The September 2012 issue of Counseling Today has a comprehensive article called ‘Should counseling practice be evidence based?’ The answer of course is Yes. I have never met a counselor who does not want to be effective and to be effective each of us uses the best evidence we can get given who we are and who our client is. However, those who use this phrase usually mean something more narrowly defined—should results from randomized clinical trials (RCT) be the gold standard for discerning information about what works and what does not in a counseling situation.



For those advocating RCT, the answer is of course No. Such trials are as inappropriate for discerning the best counseling approach as they would be for discerning which is the best pitch a pitcher can throw in a baseball game. The counseling situation is a system in which it is impossible to isolate the effect of a single variable. Models from systems theory or even chaos theory would be more appropriate than from medical research. Like the flap of the butterfly wings, a single word or look can effect a complete change in a client. As a counselor for over 40 years and a clinical statistician for over 30 years, I never seen results from any RCT that would clearly raise one counseling approach above all others. In fact some have suggested that to make a clear diagnosis is to inhibit the counseling process itself and a clear diagnosis in a critical element in any RCT.

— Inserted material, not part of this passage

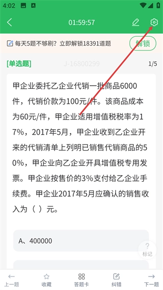 进入题目页面后,你能看到【单选题】的题干内容,另外点击右上角的设置图标,就能打开学习设置的相关功能选项。
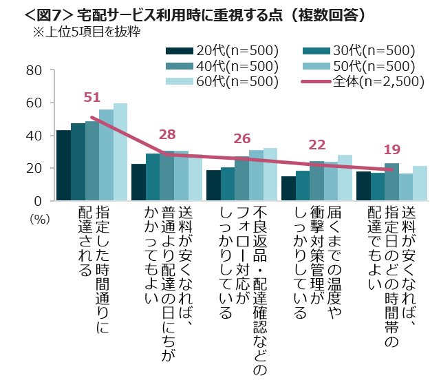 宅配サービスを利用する際に重視する点は、「指定された時間通りに配達される」が半数を超える。次いで「送料が安くなれば、普通より配達の日にちがかかってもよい」「不良返品・配達確認などフォロー対応がしっかりしている」など。「指定した時間通り」は50代、60代の割合が高い。<図7>

CBT is often proposed as one clear, evidence-based approach that is being looked favorably by counseling clinics, hospitals and even HMOs because it is asserted that its effectiveness has been demonstrated in scientific research. CBT does seem to have some effectiveness with certain clients with certain personality adaptations—most likely for those whom thinking is their ‘open door’ as described by Vann Joines and Ian Stewart in their book ‘Personality Adaptations’. However, for others with different personality adaptations, thinking is their ‘trap door’ and using CBT could prevent a therapeutic alliance from forming. In fact it might even exacerbate the dysfunction of such a client! For such adaptations, a behavioral or emotional approach should be tried.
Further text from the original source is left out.